05 Click the Show or Hide Item Details button displayed for the selected RCN to expand the reservation details panel and check the Start Date attribute value (e.g. March 20, 2017 at 14:25:09 PM UTC+3). If the Start Date value shows an AWS ElastiCache RCN purchase request placed in the last 7 days and you are unaware of this purchase, verify your AWS CloudTrail logs or contact Amazon Web Services using the Support Center console to solve the unwanted RCN purchase issue (see Remediation/Resolution section for more details).

06 Repeat step no. 4 and 5 to check the RCN purchase request date for other ElastiCache Reserved Cache Nodes available within the selected region.

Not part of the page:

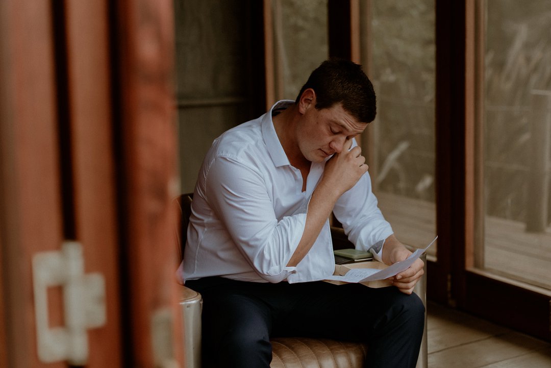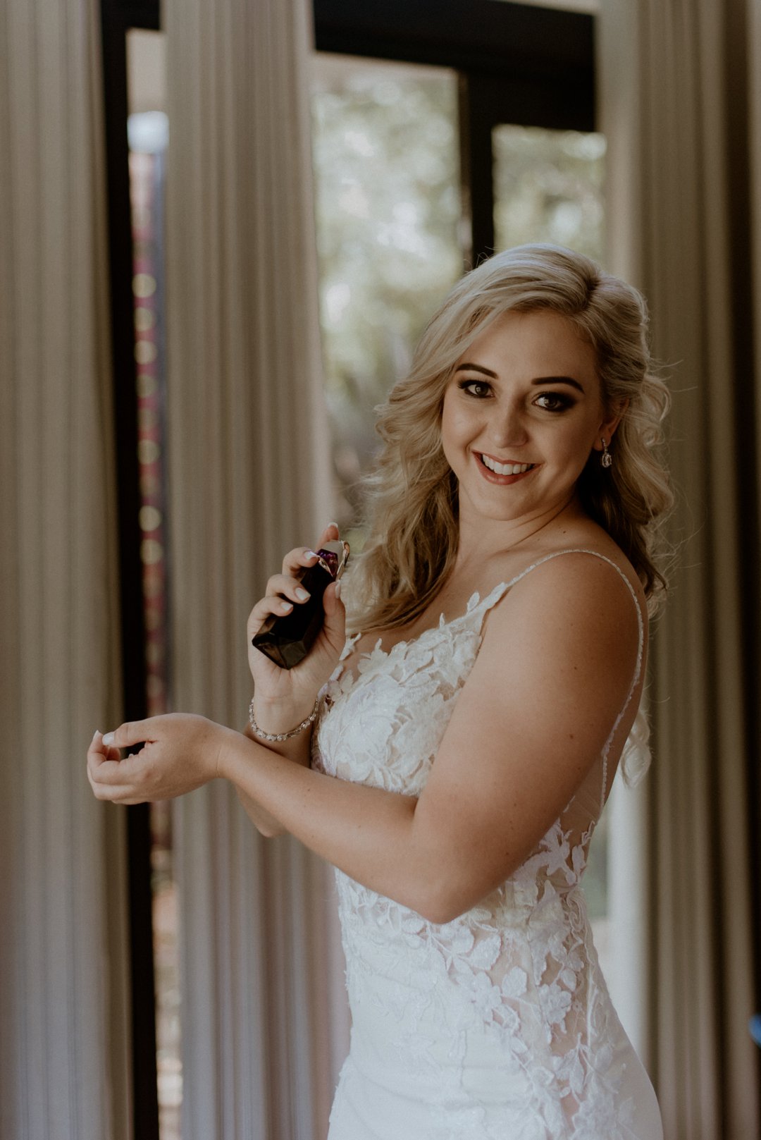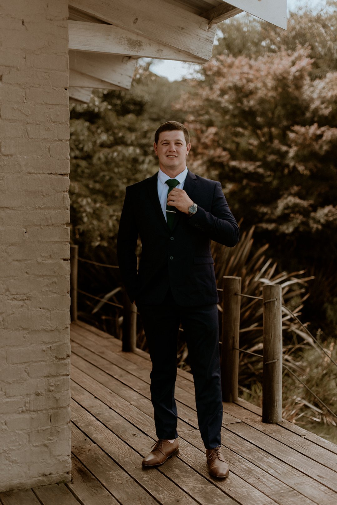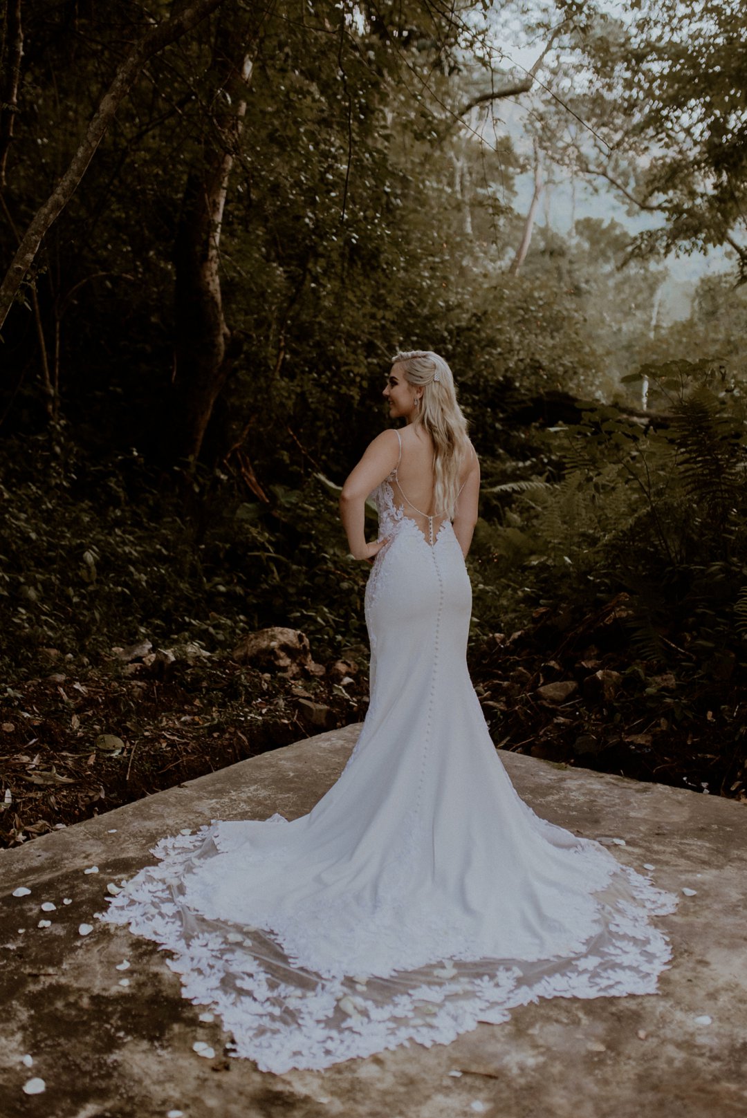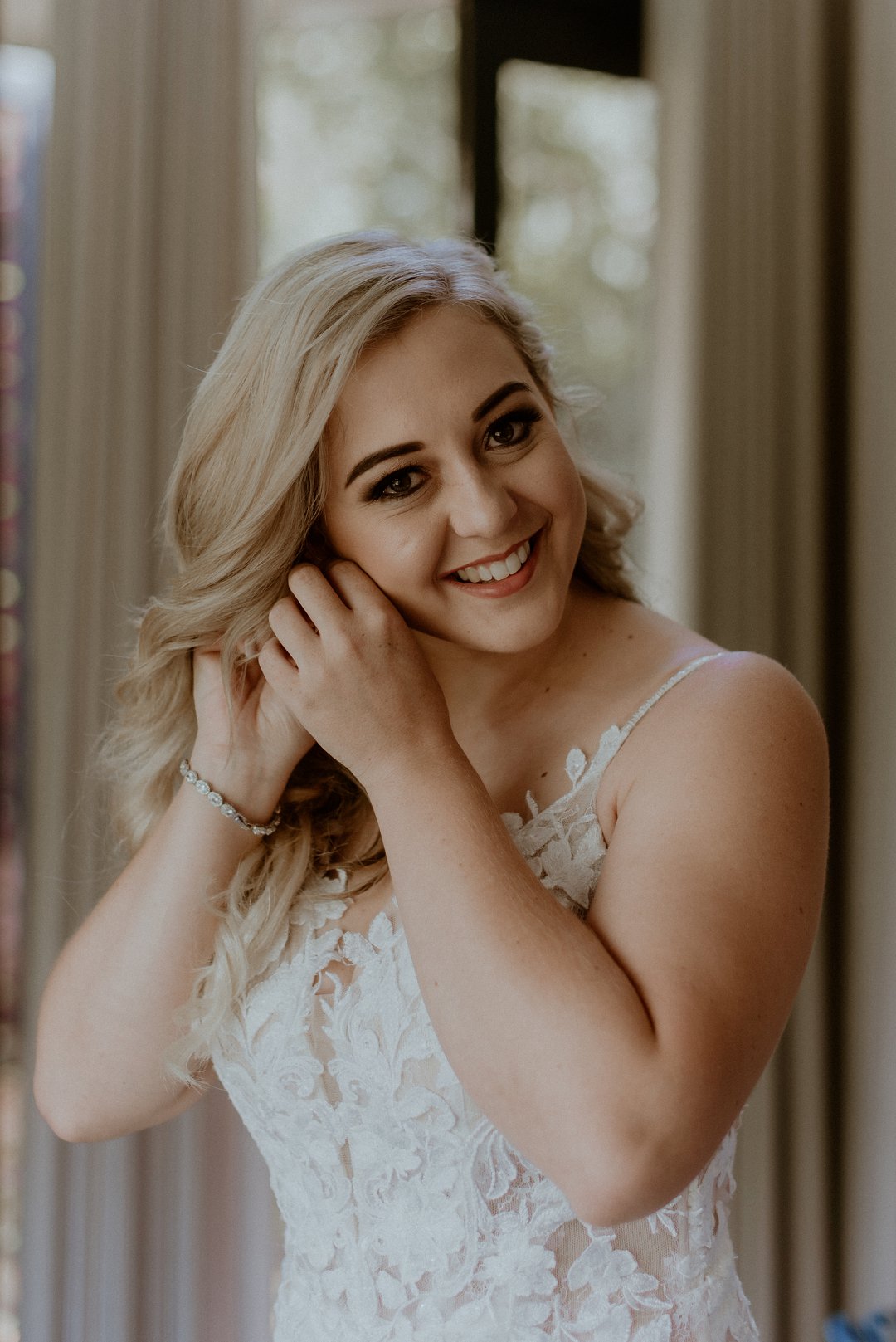 Ons het probeer om nogsteeds by die mooi venue se styl te hou omdat dit so mooi tropies/woud area is in Magoebaskloof. Christo het ʼn vlootblou pak met ʼn wit hemp en ʼn donkergroen das gedra (dieselfde groen as my strooimeisies se rompe) en ek het ʼn “trumpet” styl rok gehad met kant op die bokant en aan die buitekant van my lang sleep. Ons altwee is nie iemand wat “over the top” wil wees nie, en het dit nogsteeds baie formeel gehou.

07 Change the AWS region from the navigation bar and repeat the audit process for other regions.

Using AWS CLI

01 Run describe-reserved-cache-nodes command (OSX/Linux/UNIX) using custom query filters to list the unique identifiers of all ElastiCache RCNs purchased in the selected AWS region: 

aws elasticache describe-reserved-cache-nodes
    --region us-east-1
    --output table
    --query 'ReservedCacheNodes[*].ReservedCacheNodeId'

02 The command output should return a table with the requested RCN identifiers: 

------------------------
| ReservedCacheNodeIds |
+----------------------+
| cc-redis-cache-rcn-1 |
| cc-redis-cache-rcn-2 |
+----------------------+

03 Run again describe-reserved-cache-nodes command (OSX/Linux/UNIX) using your Amazon ElastiCache RCN name returned at the previous step as identifier with custom query filtering to describe the date at which the ElastiCache reservation purchase request was placed: 

aws elasticache describe-reserved-cache-nodes
    --region us-east-1
    --reserved-cache-node-id cc-redis-cache-rcn-1
    --query 'ReservedCacheNodes[*].StartTime'

04 The command output should return the date when the requested ElastiCache reservation started: 

[
    "StartTime": "2017-03-20T14:25:09.272Z"
]

If the date returned as StartTime parameter value indicates an ElastiCache RCN purchase request placed in the last 7 days and you are unaware of this purchase, verify your AWS CloudTrail logs or contact AWS using the Support Center console to solve the issue.

05 Repeat step no. 3 and 4 to check the purchase request timestamp for other ElastiCache reservations available in the selected region.

06 Change the AWS region by updating the --region command parameter value and perform the entire audit process for other regions.

Remediation / Resolution

Case A: Check the Cloudtrail service logs (if Amazon Cloudtrail is enabled) from the date when the ElastiCache RCN purchase request was placed to determine the request origin and context. To find and analyze the necessary AWS API logging data recorded by CloudTrail, perform the following actions:

Using AWS Console

01 Sign in to the AWS Management Console.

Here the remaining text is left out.